News from Chronicle Online
Microsoft pact will digitize thousands of books published before 1923
for online checkout at Cornell Library
http://www.news.cornell.edu/stories/Oct06/library.di
gitizes.ssl.html
Oct. 20, 2006
By Susan Lang
ssl4@cornell
Cornell University Library (CUL) has signed a partnership with
Microsoft Corp. that will add public domain books to its online
collections, making "checking out" books even easier.
Under the agreement, many of CUL's English-language collection in the
public domain -- up to 300,000 books -- and other published materials
will be digitized, making them freely available on the Web.
Materials in the public domain are those that either were never
copyrighted or whose copyright has expired. They include all books
published prior to 1923.
Anyone with Internet access will be able to locate these materials
online using most Internet search engines and view them at CUL's Web
site or Microsoft's Live Book Search, a search service for book
content.
"When surveyed about their needs, CUL's users rate access to full
text online as one of their highest priorities, so this partnership
will enable us to respond to student and faculty expectations," said
Sarah E. Thomas, Cornell's Carl A. Kroch University Librarian. "We
are just beginning to experience the transformative effects of ready
access to the cultural record of our civilization. The years ahead
will be exciting for us all."
Microsoft has contracted with Kirtas Technologies in Victor, N.Y., to
scan the materials using the world's fastest robotic scanners, which
can process up to 2,400 pages per hour -- or about 8 minutes per book.

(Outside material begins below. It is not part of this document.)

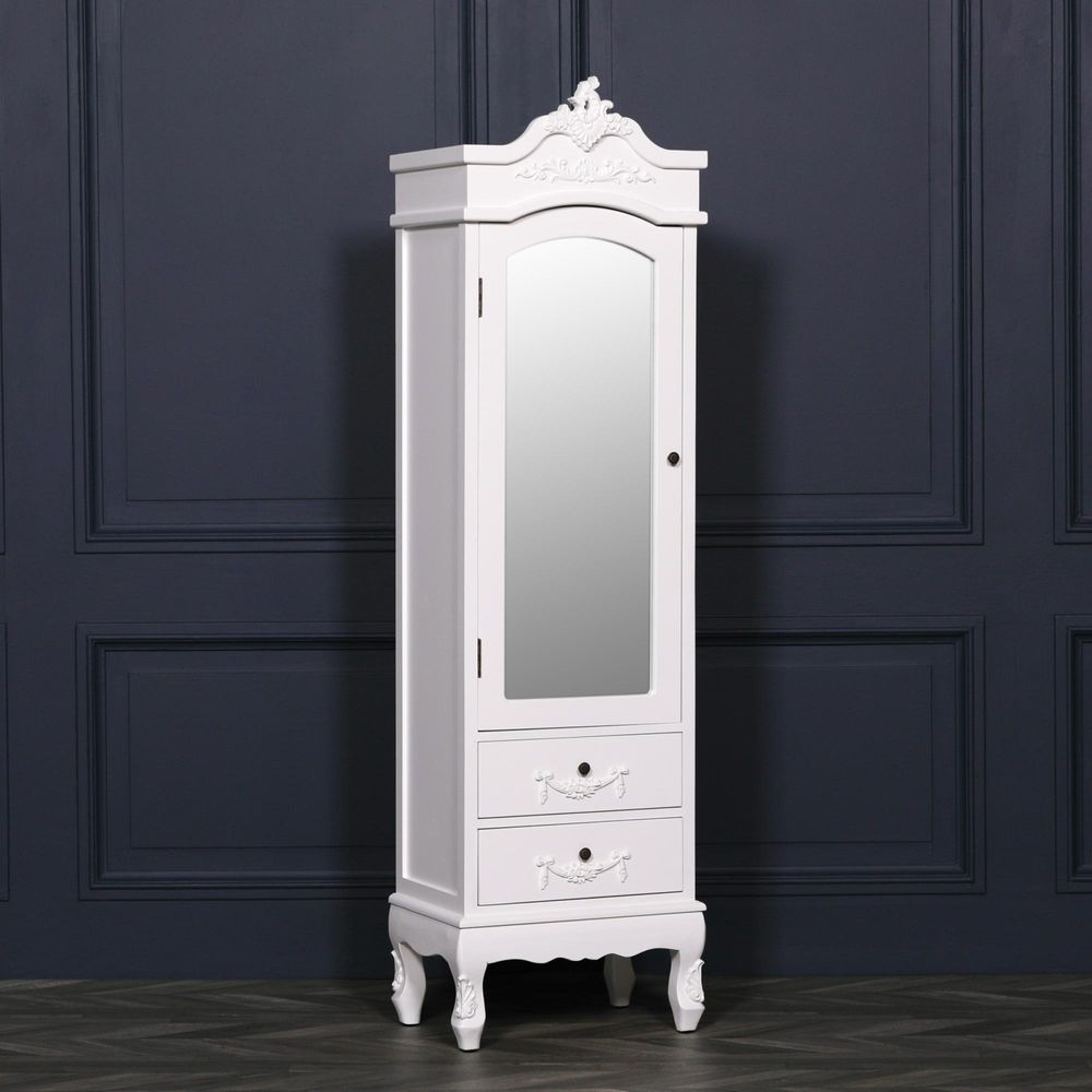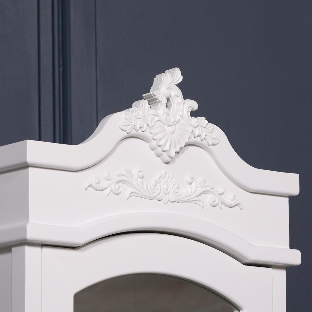 French Style Armoire Combi Wardrobe - White Carved - 1 Door

"We are happy to be working with Kirtas Technologies on this very
important initiative for the university," said Cornell President
David Skorton, who has made increasing the impact of the university
beyond campus boundaries one of his goals. "They are a very good
choice for this endeavor because of the quality of their work and the
opportunity to showcase New York state talent."
Cornell plans to start the project this week, shipping out some 5,000
books and other monographs to Kirtas with plans to digitize some
100,000 monographs during the project's phase.
"Just these 100,000 books will add some 30 million pages of
scholarly content for Web users worldwide," said Oya Rieger, project
lead and associate director of CUL's Digital Library and Information
Technologies.
The project will greatly enhance Cornell's growing digitized
collection, which is freely available and already includes:
* 12,000 monographs and 2,000 journals;
* 45,000 visual images (maps, postcards and photographs); and
* almost 50 specialized collections (from anti-slavery and historical
mathematical documents to kinematic models for design).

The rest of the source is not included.